Data for review =>
☆ ☆ ☆
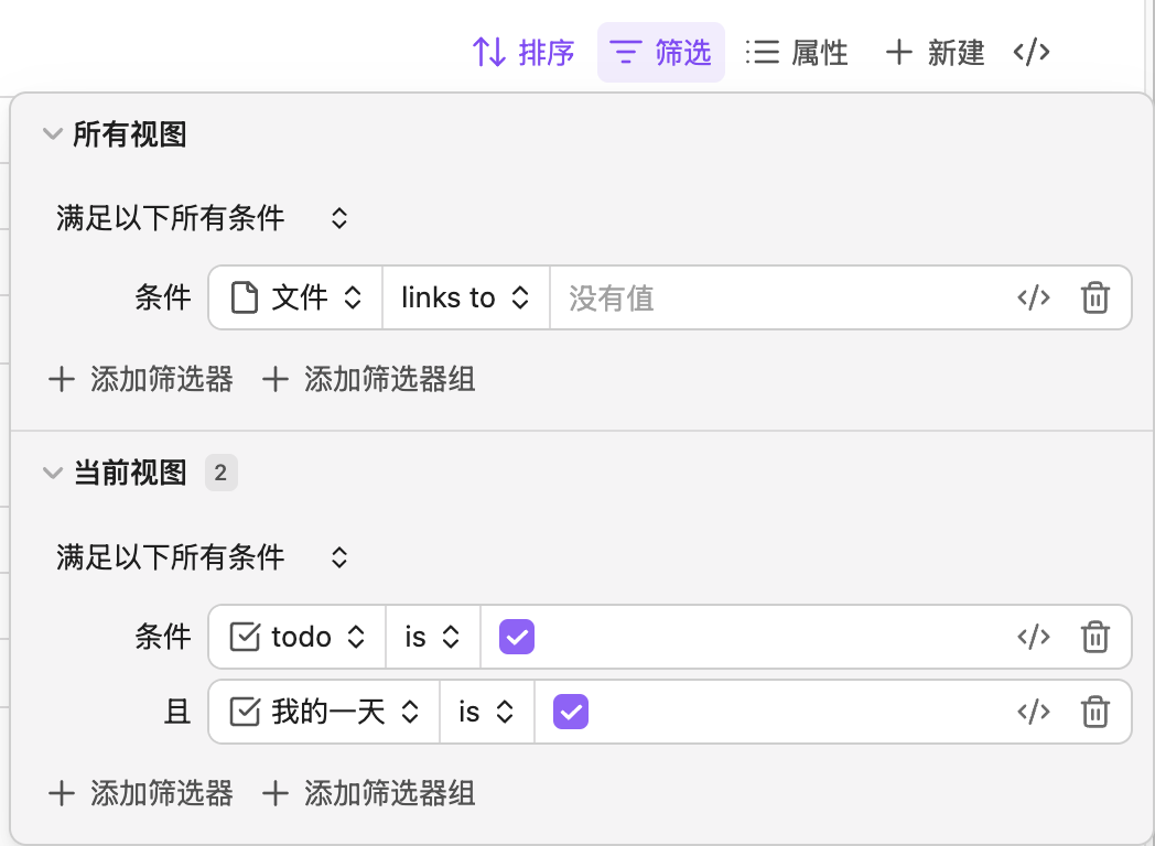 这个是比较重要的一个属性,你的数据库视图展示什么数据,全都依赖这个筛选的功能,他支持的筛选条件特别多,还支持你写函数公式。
☆ ☆ ☆
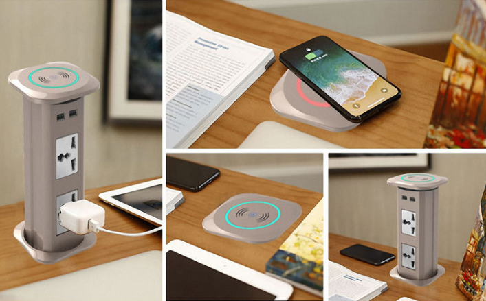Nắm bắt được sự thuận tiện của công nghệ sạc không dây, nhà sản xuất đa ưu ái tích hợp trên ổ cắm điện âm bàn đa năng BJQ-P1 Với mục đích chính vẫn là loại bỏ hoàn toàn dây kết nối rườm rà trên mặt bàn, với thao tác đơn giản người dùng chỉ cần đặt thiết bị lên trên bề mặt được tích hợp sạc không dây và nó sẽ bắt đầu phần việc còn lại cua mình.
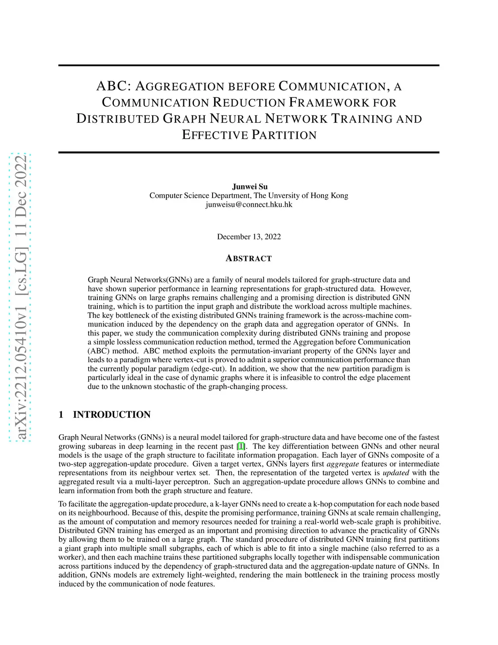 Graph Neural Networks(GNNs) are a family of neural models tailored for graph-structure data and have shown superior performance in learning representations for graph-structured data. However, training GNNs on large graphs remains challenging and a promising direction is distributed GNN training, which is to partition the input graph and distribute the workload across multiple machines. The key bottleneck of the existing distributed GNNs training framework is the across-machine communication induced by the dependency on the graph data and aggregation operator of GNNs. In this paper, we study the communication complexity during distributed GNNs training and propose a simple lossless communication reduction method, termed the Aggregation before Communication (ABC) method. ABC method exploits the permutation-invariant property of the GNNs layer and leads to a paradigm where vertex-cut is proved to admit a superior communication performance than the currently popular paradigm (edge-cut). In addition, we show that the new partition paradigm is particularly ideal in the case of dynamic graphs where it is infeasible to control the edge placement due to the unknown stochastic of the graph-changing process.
☆ ☆ ☆
Everything above from the line with "Nắm bắt được" through the line with "Graph Neural Networks(GNNs)" should be retyped exactly, and nothing else; omit pictures.

Your response =>
Nắm bắt được sự thuận tiện của công nghệ sạc không dây, nhà sản xuất đa ưu ái tích hợp trên ổ cắm điện âm bàn đa năng BJQ-P1 Với mục đích chính vẫn là loại bỏ hoàn toàn dây kết nối rườm rà trên mặt bàn, với thao tác đơn giản người dùng chỉ cần đặt thiết bị lên trên bề mặt được tích hợp sạc không dây và nó sẽ bắt đầu phần việc còn lại cua mình.
 Graph Neural Networks(GNNs) are a family of neural models tailored for graph-structure data and have shown superior performance in learning representations for graph-structured data. However, training GNNs on large graphs remains challenging and a promising direction is distributed GNN training, which is to partition the input graph and distribute the workload across multiple machines. The key bottleneck of the existing distributed GNNs training framework is the across-machine communication induced by the dependency on the graph data and aggregation operator of GNNs. In this paper, we study the communication complexity during distributed GNNs training and propose a simple lossless communication reduction method, termed the Aggregation before Communication (ABC) method. ABC method exploits the permutation-invariant property of the GNNs layer and leads to a paradigm where vertex-cut is proved to admit a superior communication performance than the currently popular paradigm (edge-cut). In addition, we show that the new partition paradigm is particularly ideal in the case of dynamic graphs where it is infeasible to control the edge placement due to the unknown stochastic of the graph-changing process.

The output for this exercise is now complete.